The new guidelines adopted by the 46-nation Nuclear Suppliers’ Group (NSG) at its plenary meeting in Noordwijk in the Netherlands last week on transfer of sensitive nuclear material among countries will effectively nullify the clean waiver given to India by the group in 2008.

According to the new guidelines countries which are not signatories to the Nuclear Non-Proliferation Treaty (NPT) and which do not have fullscope safeguards will not be entitled to transfer of enrichment and reprocessing equipment and technologies (ENR).

This goes against the letter and spirit of the civil nuclear deal India signed with the US and the agreements India had with the NSG. The difficult and detailed negotiations India had with the US and the nuclear suppliers’ cartel had exempted India from these conditions and their unilateral return now would mean a breach of faith.

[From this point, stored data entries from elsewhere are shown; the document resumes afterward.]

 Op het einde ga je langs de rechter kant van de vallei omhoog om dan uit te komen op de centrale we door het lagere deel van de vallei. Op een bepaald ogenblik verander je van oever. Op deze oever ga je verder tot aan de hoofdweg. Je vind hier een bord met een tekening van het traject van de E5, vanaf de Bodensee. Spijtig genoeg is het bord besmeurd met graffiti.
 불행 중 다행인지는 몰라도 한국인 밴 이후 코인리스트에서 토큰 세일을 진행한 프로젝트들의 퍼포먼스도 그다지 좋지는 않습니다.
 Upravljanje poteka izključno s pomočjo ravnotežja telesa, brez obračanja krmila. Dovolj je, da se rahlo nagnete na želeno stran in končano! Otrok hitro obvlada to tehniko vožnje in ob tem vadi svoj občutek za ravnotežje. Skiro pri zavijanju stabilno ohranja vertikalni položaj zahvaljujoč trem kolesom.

According to the civil nuclear deal India had made a number of commitments like separation of civil and military nuclear reactors, adoption of safeguards and allowing international inspection of its civilian reactors. The government had also announced that these commitments were being made on the condition of the lifting of all nuclear restrictions. But the government’s expectations have been belied.

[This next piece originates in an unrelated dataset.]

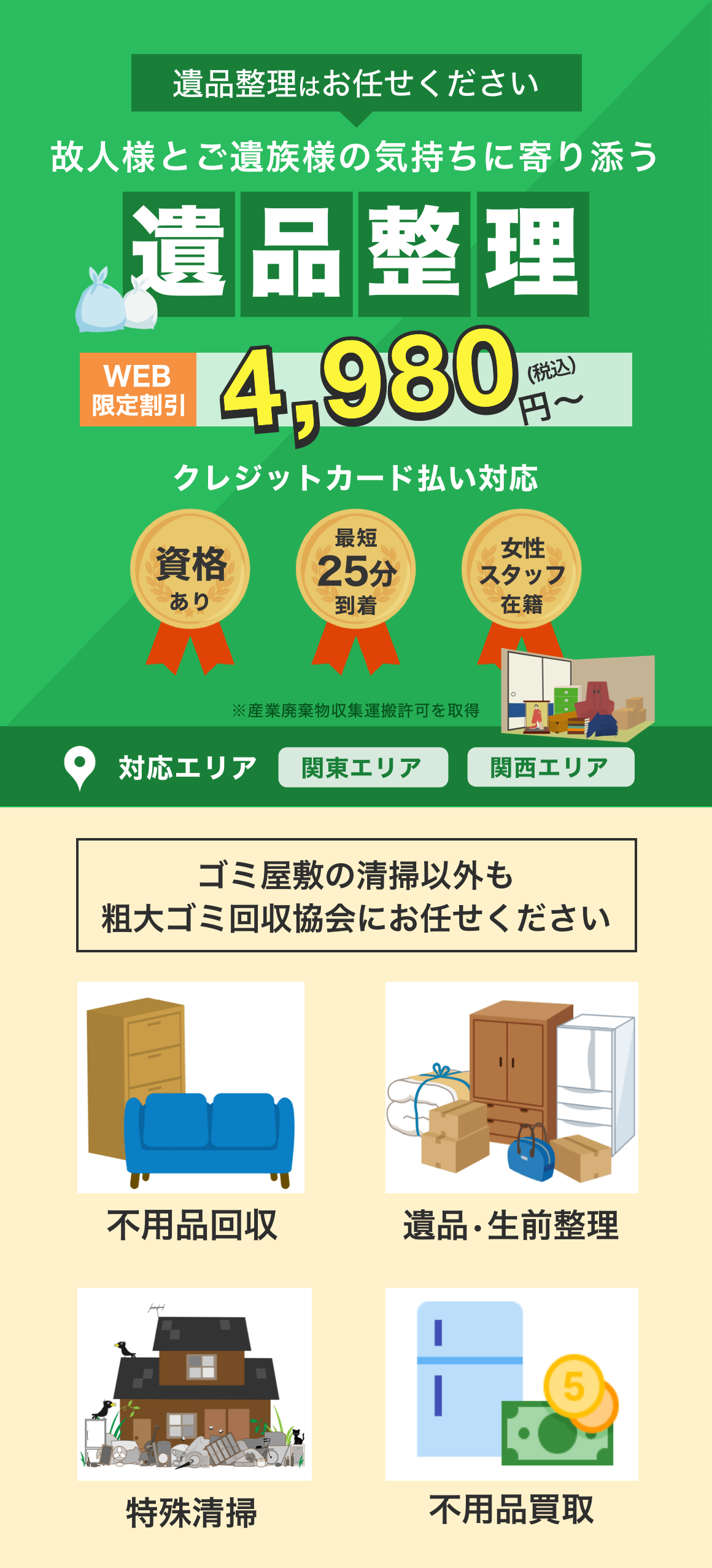 \ 面倒なお片付けは、プロに頼んでスッキリ解決 /

Outwardly the NSG was trying to make the rules for transfer of sensitive nuclear material tougher. Since nuclear business with countries like Pakistan, Israel and North Korea is already banned, the new regulations affect only India. It is surprising that the US which took the initiative for the nuclear deal was fully agreeable with the new guidelines.

Ironically it has also made the patently unacceptable claim that the new guidelines are not at variance with the earlier clean waiver got by India and its rights under the civil nuclear deal.

India will now have to work for neutralising the effect of the new guidelines. It had entered into bilateral agreements with the US, France and Russia for supply of nuclear reactors on the express understanding that there would not be any restriction on transfer of ENR technology.

These countries will have to be made to honour this commitment. India should refuse to honour its part of the deals if they are unable to do so. India should be able to have its way since they have a big financial stake in nuclear relations with the country.